Лорд и королева - Холт Виктория 37 стр.


— А теперь оставьте меня, — сказала она.

Лицемерно и многозначительно улыбаясь, пряча свой восторг, он низко поклонился и поспешил удалиться, пока королева не переменила свое решение.

Теперь отпала нужда себя сдерживать.

— Где мои фрейлины, служанки? — закричала она. — Почему они не выполняют свои обязанности? Кэт… хитрая чертовка, где ты? Чем вы занимались все эти недели?

Они быстро прибежали и, дрожа, стояли перед ней.

— Какие новости о Лестере? — обрушилась она на них.

Они молчали, ожидая, что кто-то другой заговорит первым.

Она топнула ногой.

— Об этой змее? — завизжала она. — О Лестере? — Она схватила ближайшую к ней женщину и стала ее трясти, пока та не взмолилась о пощаде.

Волосы королевы выбились из-под головного убора, глаза зажглись диким огнем, и багровый румянец окрасил ее лицо.

Никто не осмелился проронить ни слова, пока наконец Кэт не начала:

— Ваше дорогое величество… дорогое.

— Вы не слышали, что я сказала? — крикнула королева. — Я сказала: «Что известно об этой змее, которая называет себя мужчиной?» Значит, он женился на этой продувной бестии, так? Он женился на этом низменном создании, на этой волчице?

— Ваше величество, — сказала Кэт, — это правда. Они поженились…

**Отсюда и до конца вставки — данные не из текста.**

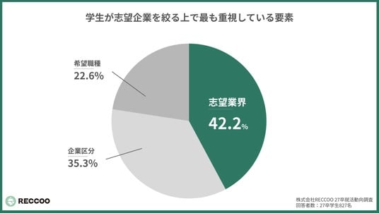 1.「業界」の先入観を書き換え、個別のインサイトに深く刺すRECCOOの過去の調査では、学生の4割以上がまず「業界」で企業を絞り込むというデータもあり、人気業界以外の企業はそもそも優秀層の視界に入りにくくなっているのが現状です。これまで多用されてきた「上位校だからこのメッセージを送る」といった、学群で一括りにしてスカウト文を作成する手法は、もはや通用しにくくなっていると言えます。
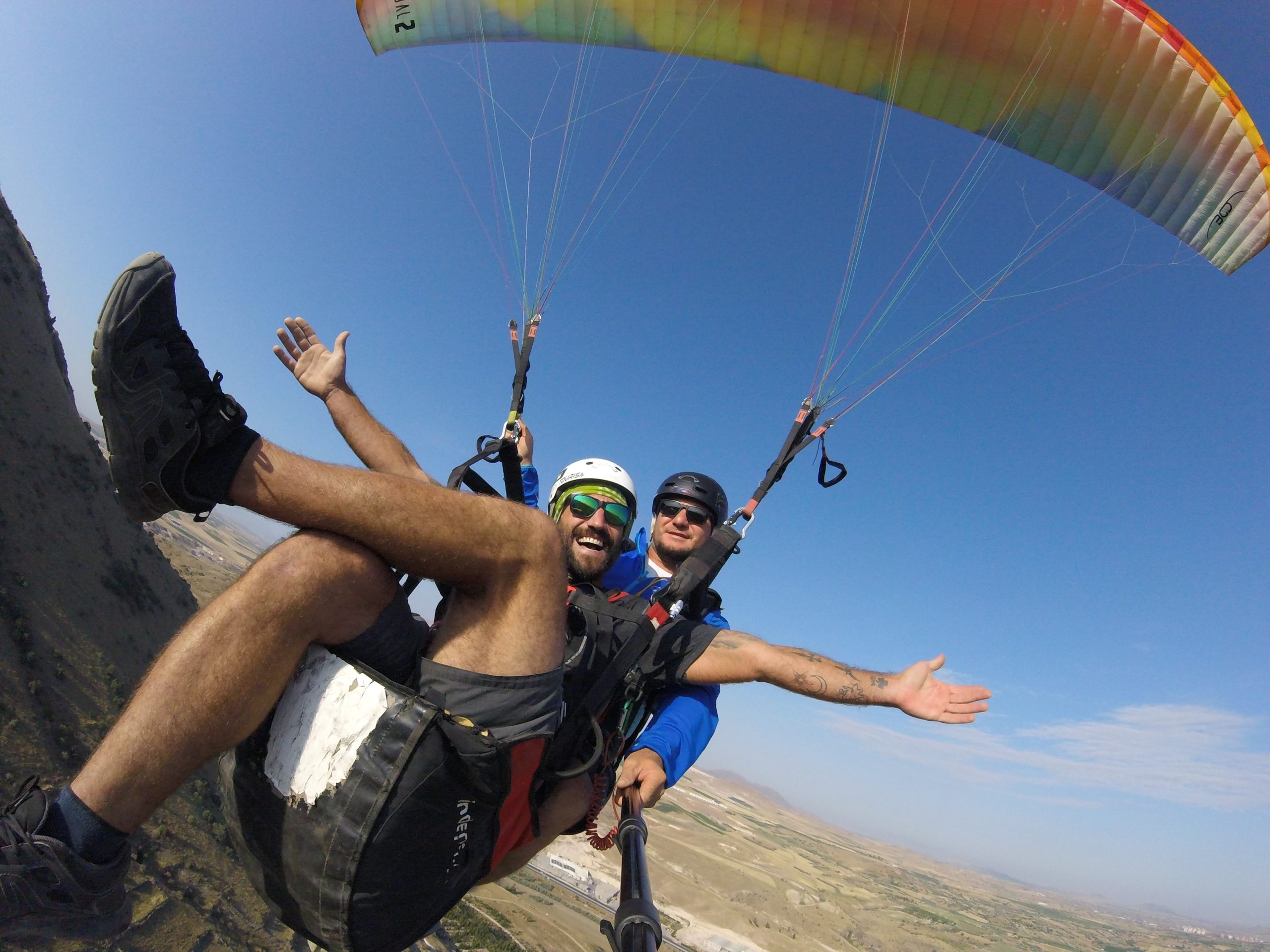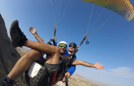 In our paragliding takeoff area in Cappadocia, the terrain is somewhat rocky. Therefore, we don’t want your feet to get hurt during the takeoff run. We kindly ask you to bring sports shoes that can protect your ankles and sunglasses to shield your eyes from the sun when coming for paragliding flight. Please refrain from wearing flip-flops or high heels for the paragliding flight.

— Они поженились! — воскликнула Елизавета. — А спросили ли они у меня разрешения? Они сохранили это в тайне? А ты… и ты? — Каждое «ты» сопровождалось резким ударом по щеке всех тех, кто оказался рядом. — А ты… и ты и… ты… знала это и посчитала подходящим утаить от меня?

— Дорогая, дорогая! — умоляла Кэт. И добавила шепотом, с трудом выдавливая из себя слова: — Опомнитесь… опомнитесь… не выдавайте таким образом свои чувства.

Елизавета стояла, покачиваясь от охватившего ее волнения.

— Быстрее! — воскликнула Кэт. — Помогите мне расстегнуть корсаж ее величества. Вот так, моя любовь. У вас есть ваша Кэт. Ложитесь на кушетку, моя дорогая. Вы почувствуете себя лучше. Кэт здесь, рядом с вами.

Не теряя самообладания, Кэт отпустила всех женщин, она стала на колени возле кушетки, поглаживая руку королевы, и слезы текли по щекам Кэт, и слова лились из ее губ:

— Ох, моя милая, я бы не пожалела своей жизни, чтобы избавить вас от этого. Но, моя милая, вы бы все равно не вышли за него замуж. Вам не стоит винить его.

— Винить его! — зажглась Елизавета. — Клянусь Господом Богом, я буду его винить! Он заплатит за все удовольствия, которые он от нее получил.

— Милая, это ведь естественно. Вы же знаете, он так долго не женился.

— А разве я не так же долго оставалась незамужней?

— Но это было королевское желание моей милой.

— За это они поплатятся своими головами, и я сама за этим прослежу.

— Успокойтесь, моя радость. Будьте спокойнее, моя милая Лиз. Давайте, я налью вам чуточку вина.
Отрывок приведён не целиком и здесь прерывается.